What does not happen automatically: the gym does not re-run when you add a dataset, and the committed docs/leaderboards/leaderboards.html snapshot does not refresh until you run build_leaderboards.py --docs and commit it. Runs resume from checkpoints, so re-running only computes the genuinely new rows.


API

The leaderboard logic lives in spatial_graph_algorithms.compare.report:

  • leaderboard(result, *, task, scope_cols=None, ...) β€” rank entries within each scope group (scope_cols=["graph_id"] for per-network boards).
  • board_champion(board, *, task) β€” the rank-1 entry with its headroom.

scripts/build_leaderboards.py wraps these into the HTML/markdown/JSON output.


Regression guard (CI)

A CI job (scripts/check_champion_regression.py) runs the small, deterministic smoke suite, finds the best score on each board for each metric (CPD and KNN for reconstruction/pipeline, AUC-PR and F1 for denoise), and compares them to a committed baseline at tests/champion_baseline.json. If any champion metric drops by more than the tolerance (default 0.05), the build fails β€” the quality counterpart to the benchmarks/ speed guard. Tracking KNN as well as CPD means a change that quietly wrecks local accuracy while holding global accuracy is still caught.

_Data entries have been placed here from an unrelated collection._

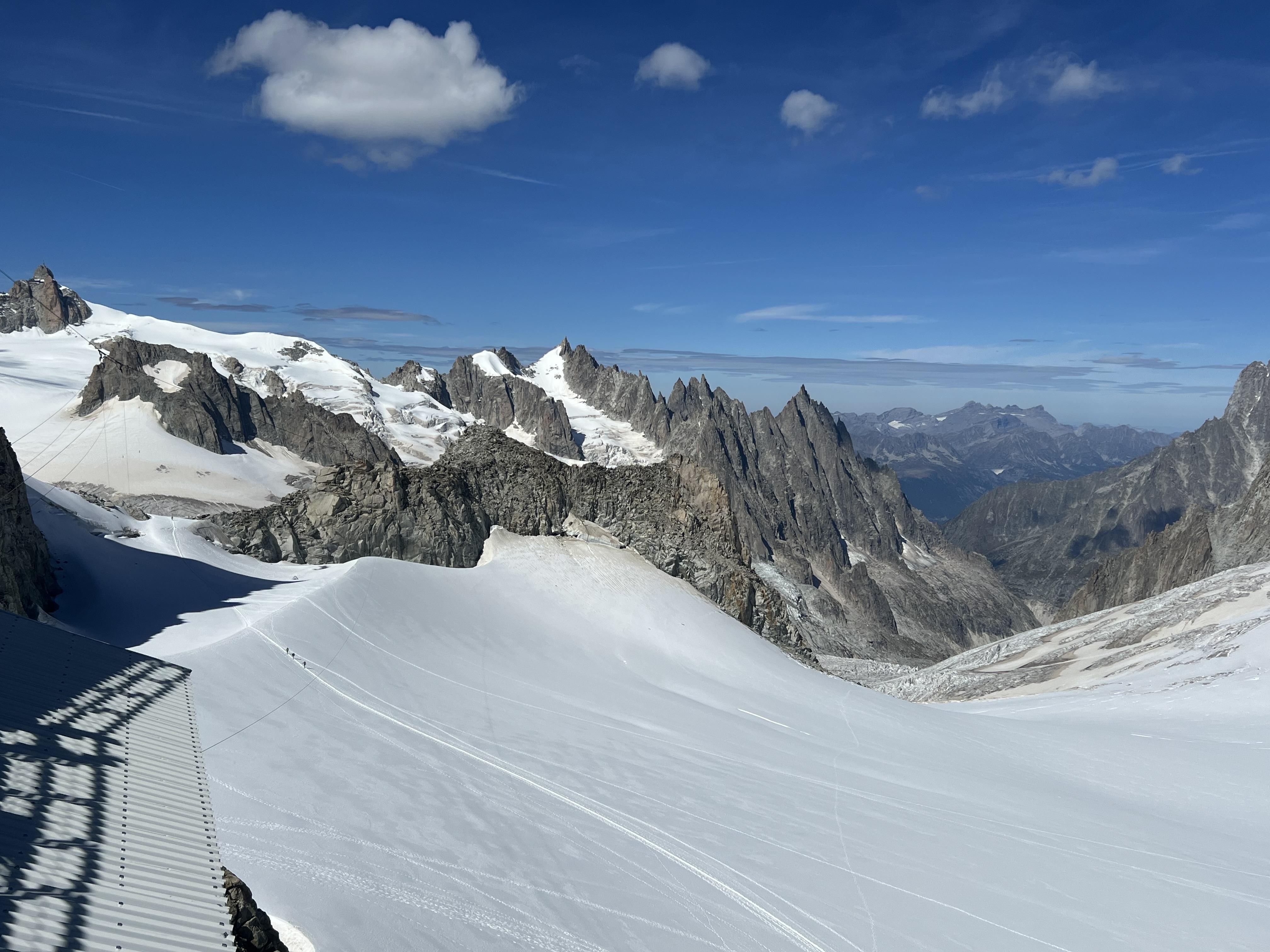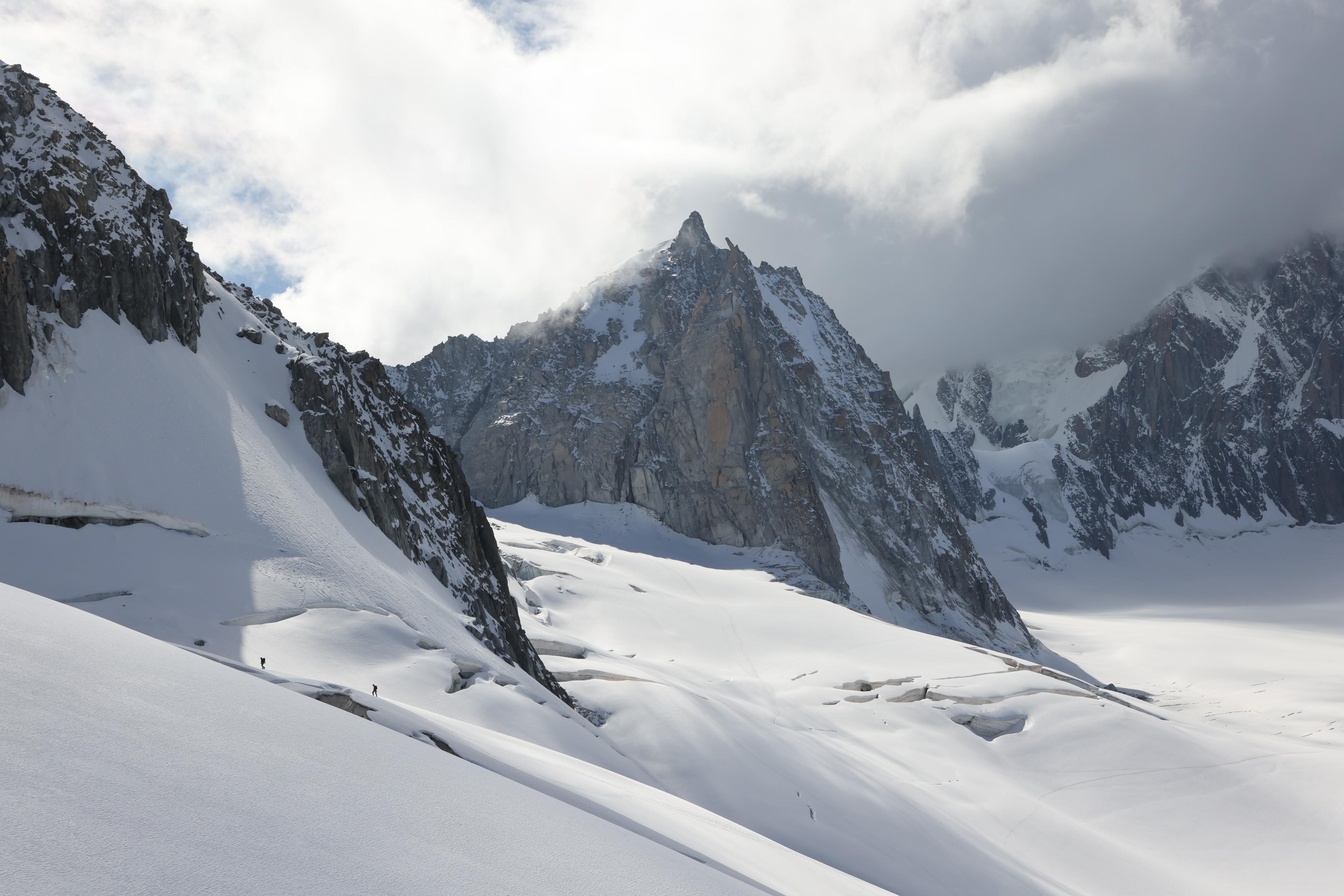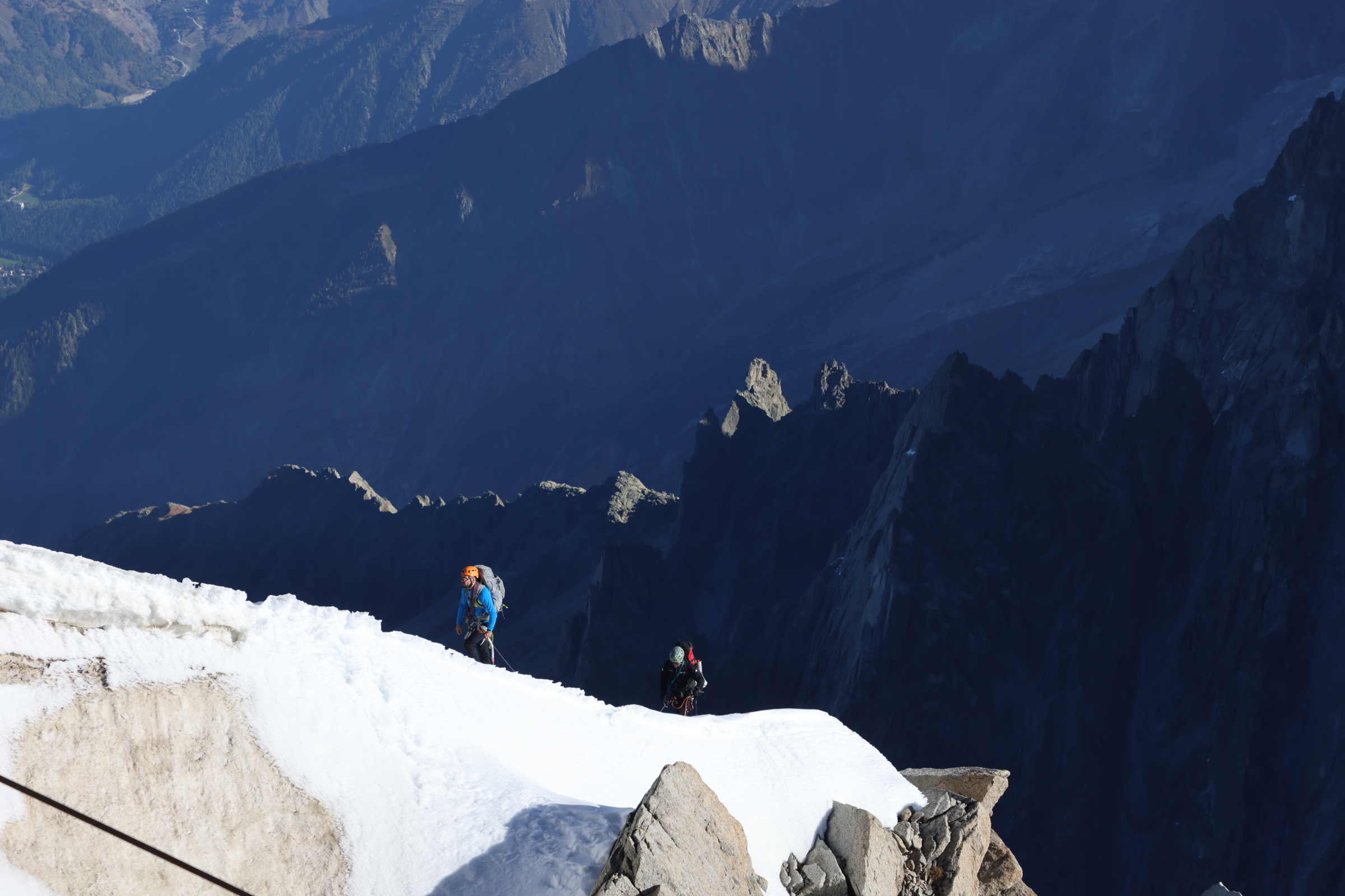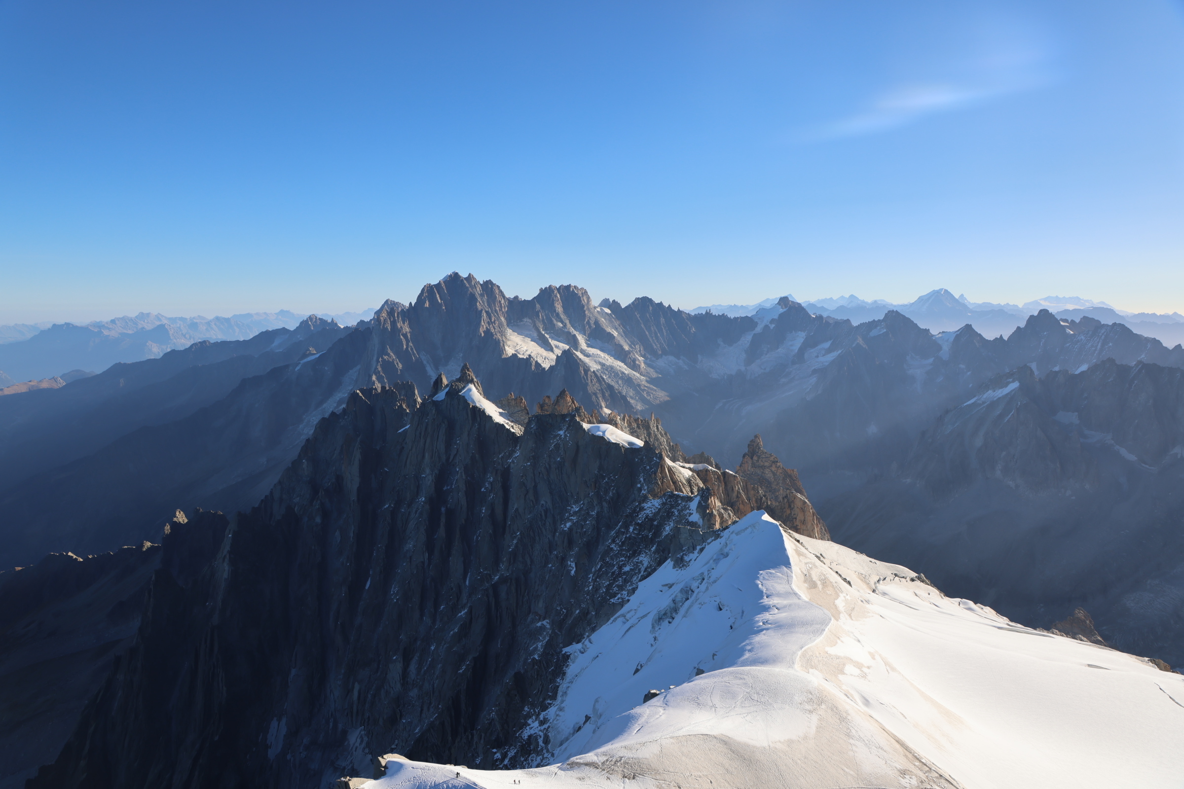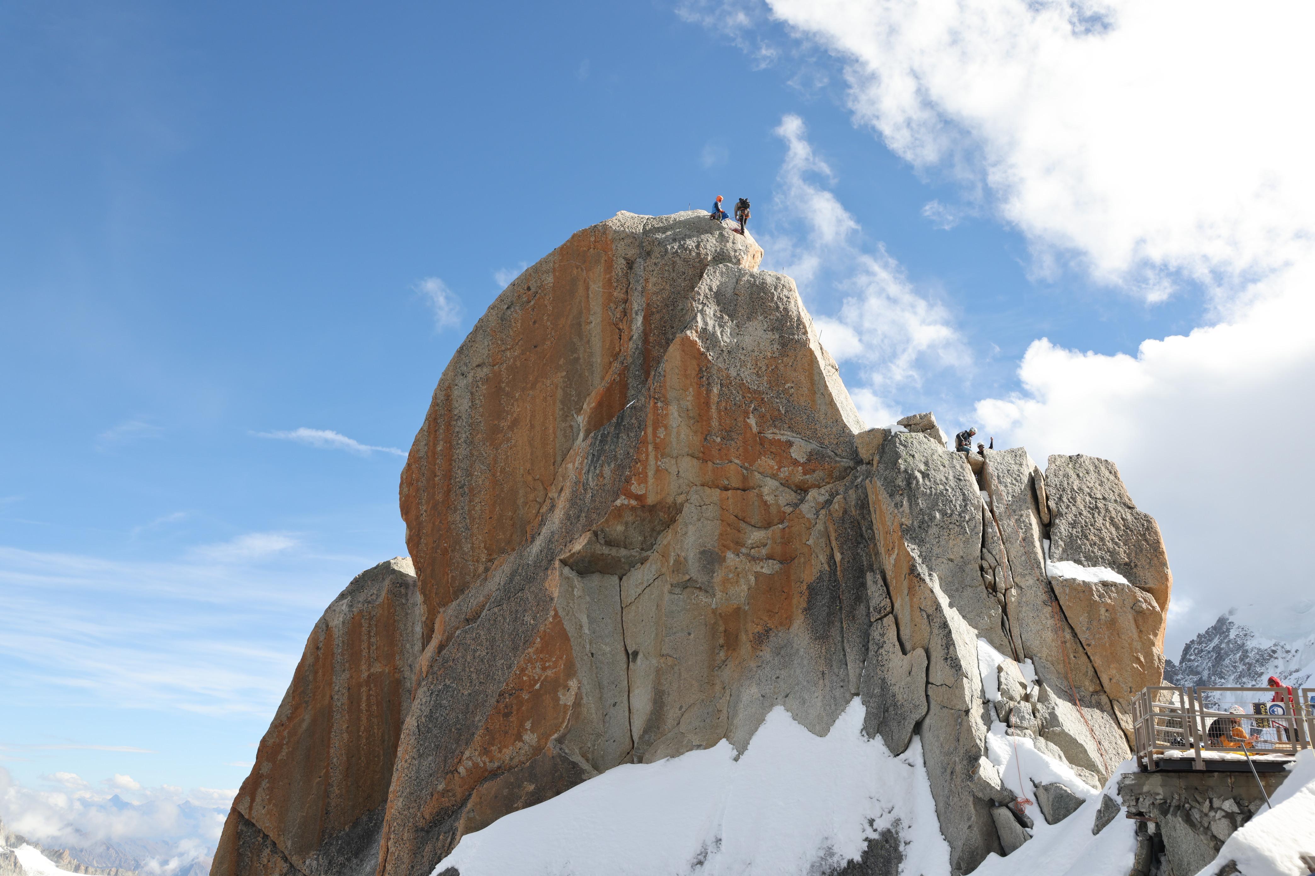 說纜車站外的世界杳無人跡,其實仔細看並非如此。剛纜車抵站前,就見兩名登山客在白雪皚皚的稜線上奮力攀登,另有三人正往下走,與纜車站連通的南柱峰(Pilier Sud),一柱擎天,光禿禿的石壁上,也可見數名攀岩者。更早之前,我們從義大利境內海拔3466公尺的赫爾布羅納峰(Pointe Helbronner),換搭第三段纜車登南針峰時,也看到底下雪原上,孤勇的登山客,身影渺小得幾乎無法辨識,正沿著雪原上的小徑,踽踽獨行,這應已超過我們想像的休閒娛樂。人總熱衷於征服巔峰,突破自我—無論是人生的、地理的,或心靈的。山,對「樂山」者而言,有著致命的吸引力。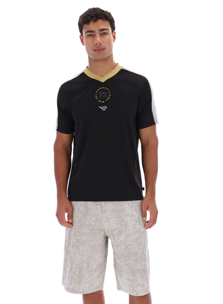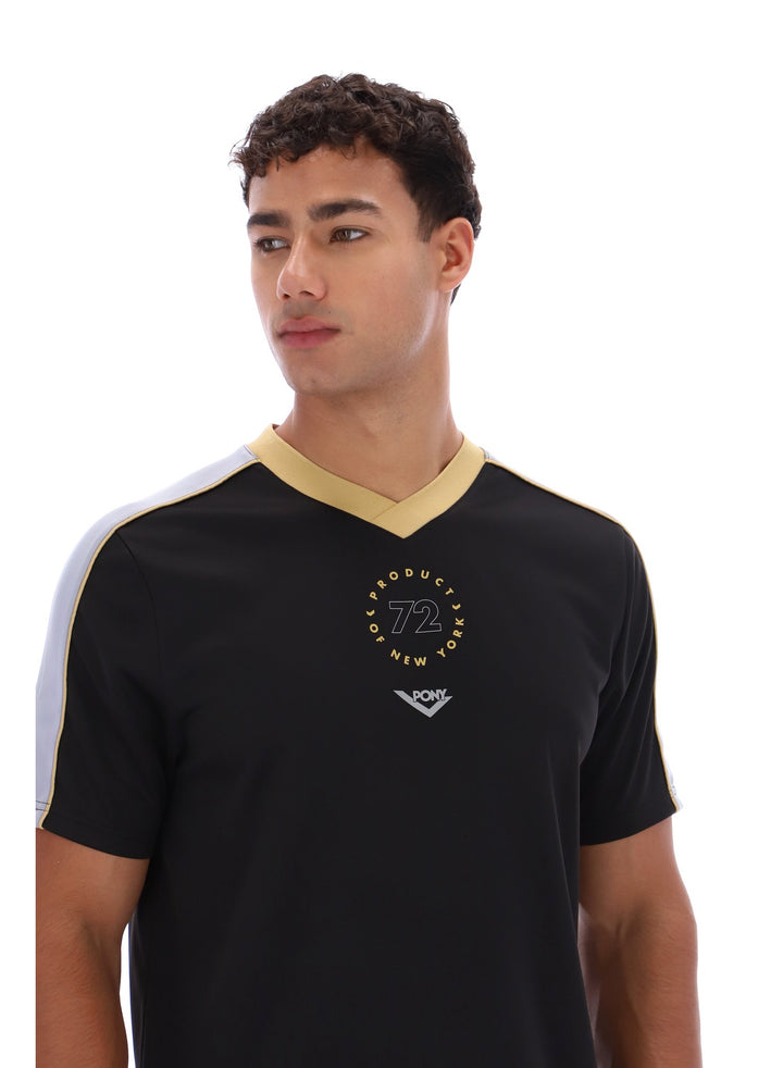A classic fit 100% polyester v neck tee featuring a 1972 PONY graphic on the chest with contrast colour panels to the shoulders and neck and a PONY woven tab label to the side seam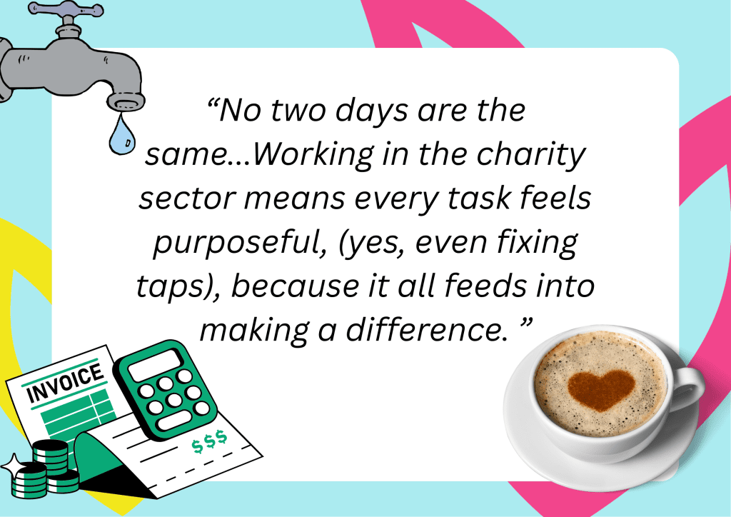 No two days are the same. I might be preparing management accounts, reviewing policies or acting as a sound board for someone who just needs a quick chat. Working in the charity sector means every task feels purposeful, (yes, even fixing taps), because it all feeds into making a difference. There’s a real satisfaction in knowing that behind every spreadsheet is impact and behind every process is a person.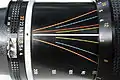 Close up of Nikon 80-200 f/4 zoom lens showing the color-coded depth-of-field lines

When a champion legitimately changes (you improved a method, or accepted a new best), regenerate and commit the baseline β€” that commit is the audit trail:

python scripts/check_champion_regression.py --update   # rewrites tests/champion_baseline.json

Not yet covered

  • Per-dataset characteristics page β€” a docs page describing each dataset (size, structure, ground-truth coverage, provenance). Planned; until then the board headers show node/edge counts.
  • Ground-truth coverage in headers for experimental boards.
  • CI regression check that fails when a champion metric drops.